▶ **Your instructions**: Take the entries below and print, exactly, the stretch from the line containing "Funda para Huawei" through the line containing "АЗУ Maxvi CCM-M602PD", both included.

▶ **Source information**:
══════
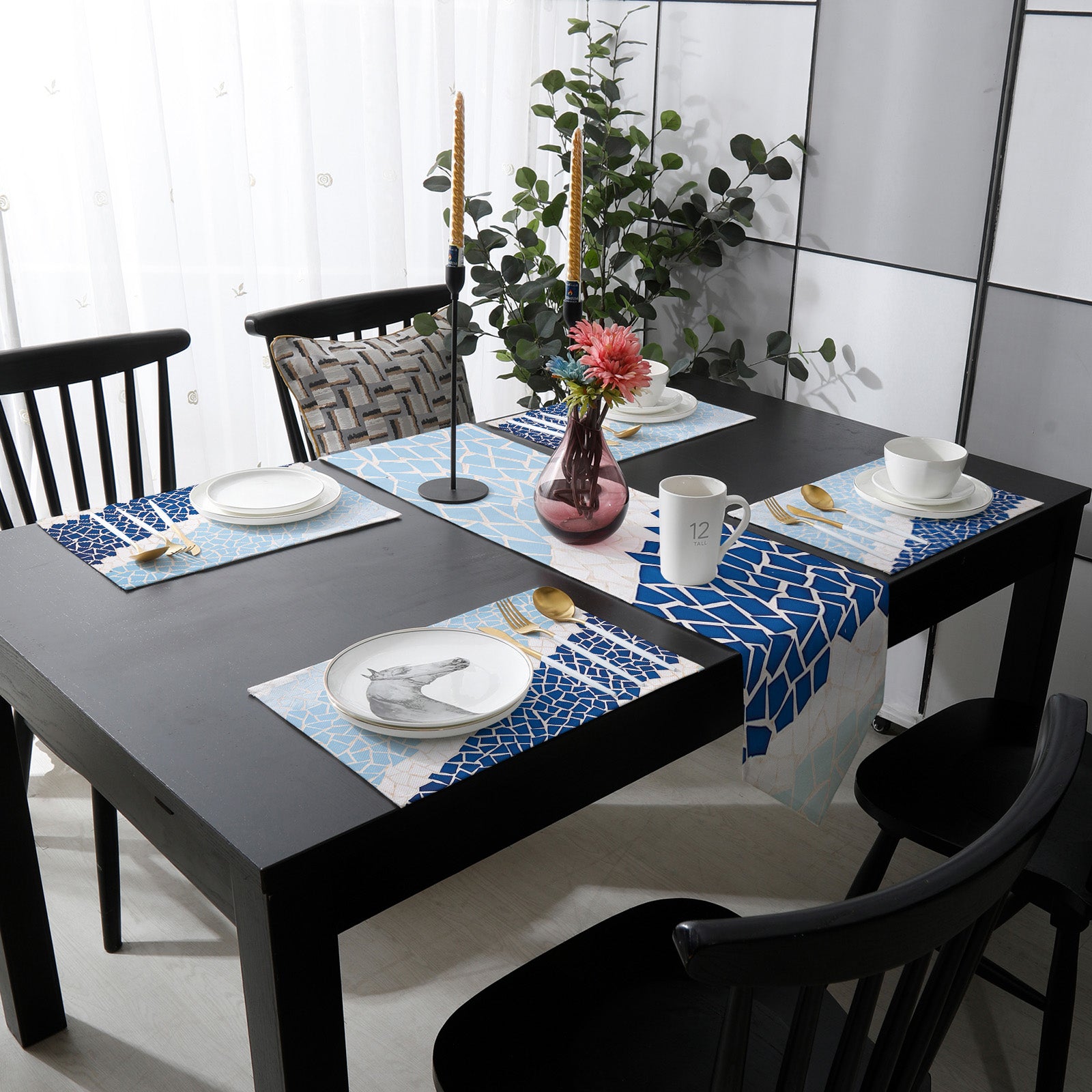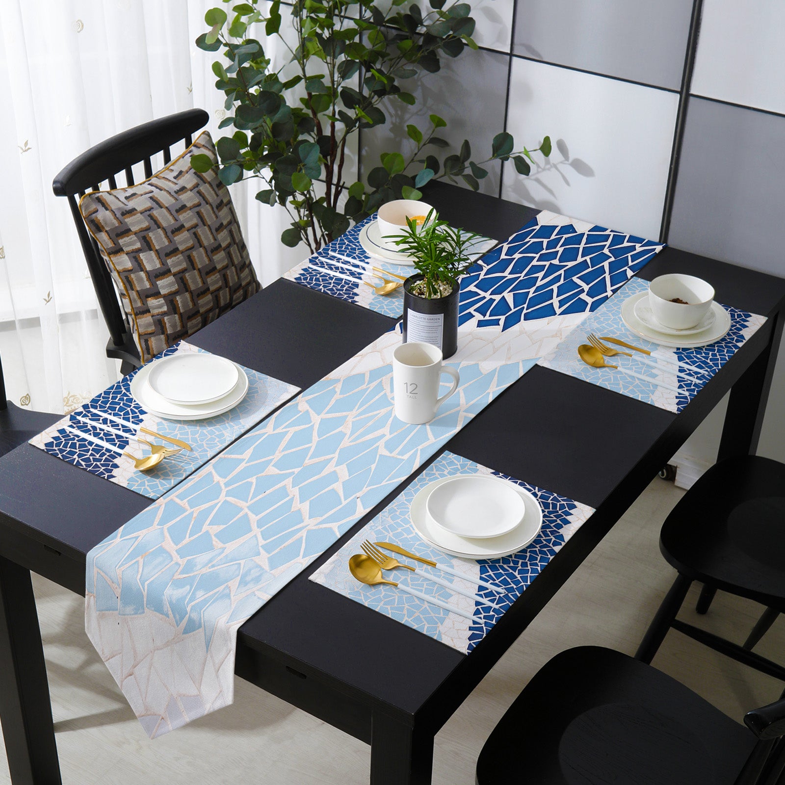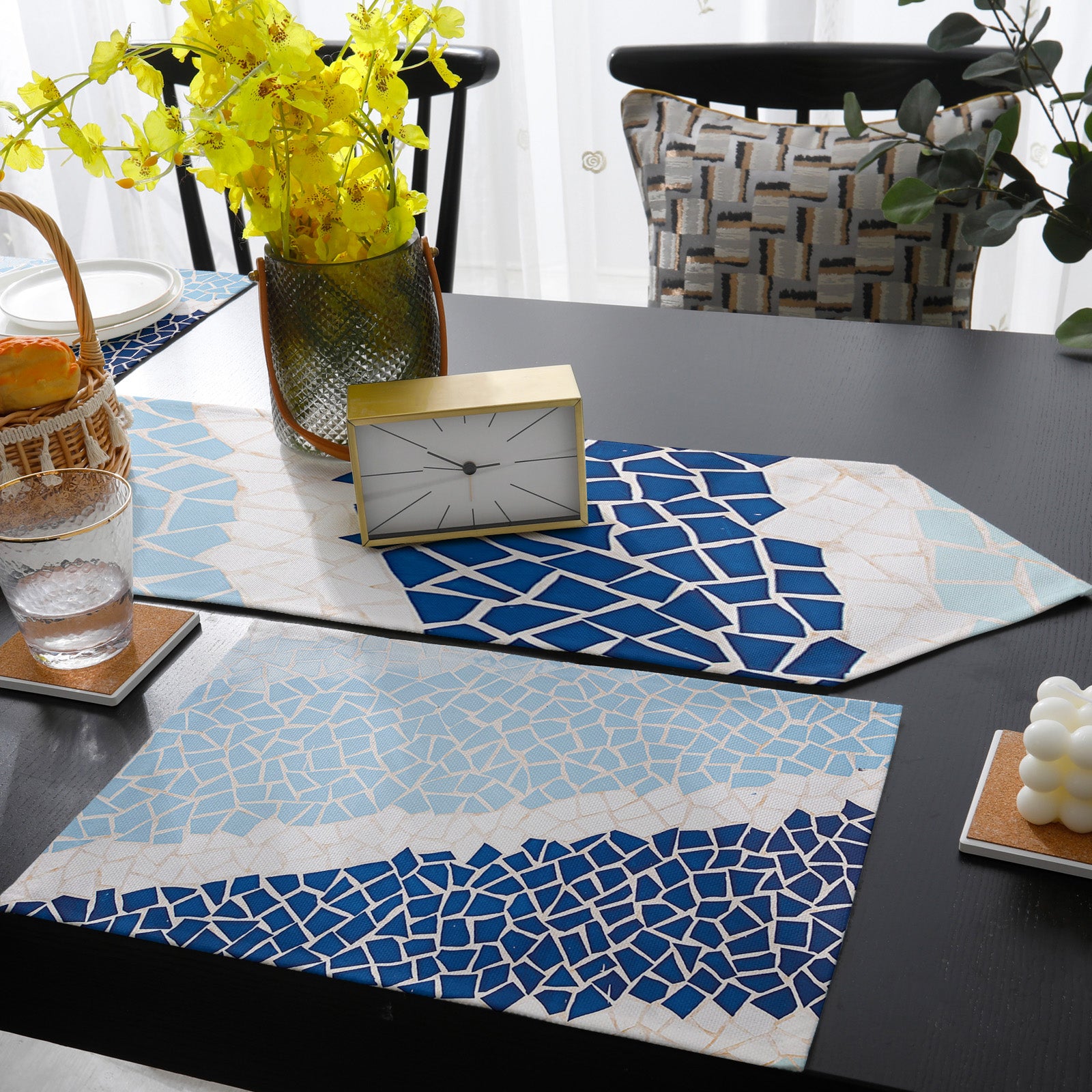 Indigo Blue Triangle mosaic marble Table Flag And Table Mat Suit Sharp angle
══════
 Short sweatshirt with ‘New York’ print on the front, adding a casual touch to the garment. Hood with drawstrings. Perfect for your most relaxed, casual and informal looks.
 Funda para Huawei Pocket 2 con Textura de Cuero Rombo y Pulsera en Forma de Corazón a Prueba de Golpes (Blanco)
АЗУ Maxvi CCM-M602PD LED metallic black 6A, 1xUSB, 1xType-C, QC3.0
══════
▶ **Result of the task**:
 Funda para Huawei Pocket 2 con Textura de Cuero Rombo y Pulsera en Forma de Corazón a Prueba de Golpes (Blanco)
АЗУ Maxvi CCM-M602PD LED metallic black 6A, 1xUSB, 1xType-C, QC3.0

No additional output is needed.